**Provided records**
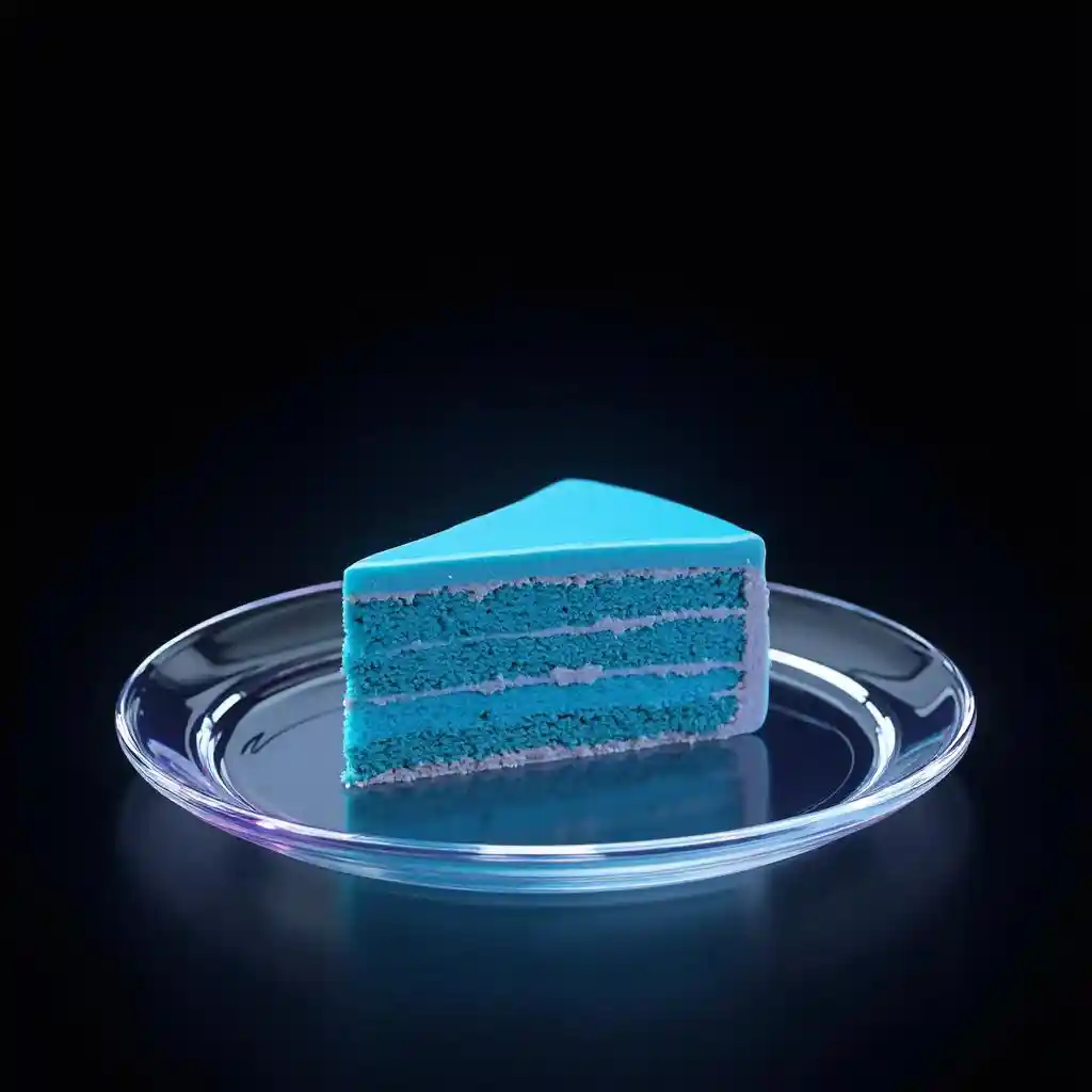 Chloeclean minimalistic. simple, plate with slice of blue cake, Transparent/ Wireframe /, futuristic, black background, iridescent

---

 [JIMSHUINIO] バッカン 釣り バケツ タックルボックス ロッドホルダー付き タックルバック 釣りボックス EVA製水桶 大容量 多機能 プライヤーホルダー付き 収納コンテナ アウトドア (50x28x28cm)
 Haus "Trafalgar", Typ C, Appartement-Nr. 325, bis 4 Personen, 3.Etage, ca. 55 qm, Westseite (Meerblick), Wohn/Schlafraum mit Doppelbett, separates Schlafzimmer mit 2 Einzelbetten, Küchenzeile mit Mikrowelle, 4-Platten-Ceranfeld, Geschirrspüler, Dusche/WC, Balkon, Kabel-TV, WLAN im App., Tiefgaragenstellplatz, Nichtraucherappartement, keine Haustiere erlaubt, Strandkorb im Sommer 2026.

**Exercise**
Output, from the data above, the lines from the line with "[JIMSHUINIO] バッカン 釣り" to the line with "im Sommer 2026." exactly as they stand, both ends included and nothing else.

**Result for this exercise**
 [JIMSHUINIO] バッカン 釣り バケツ タックルボックス ロッドホルダー付き タックルバック 釣りボックス EVA製水桶 大容量 多機能 プライヤーホルダー付き 収納コンテナ アウトドア (50x28x28cm)
 Haus "Trafalgar", Typ C, Appartement-Nr. 325, bis 4 Personen, 3.Etage, ca. 55 qm, Westseite (Meerblick), Wohn/Schlafraum mit Doppelbett, separates Schlafzimmer mit 2 Einzelbetten, Küchenzeile mit Mikrowelle, 4-Platten-Ceranfeld, Geschirrspüler, Dusche/WC, Balkon, Kabel-TV, WLAN im App., Tiefgaragenstellplatz, Nichtraucherappartement, keine Haustiere erlaubt, Strandkorb im Sommer 2026.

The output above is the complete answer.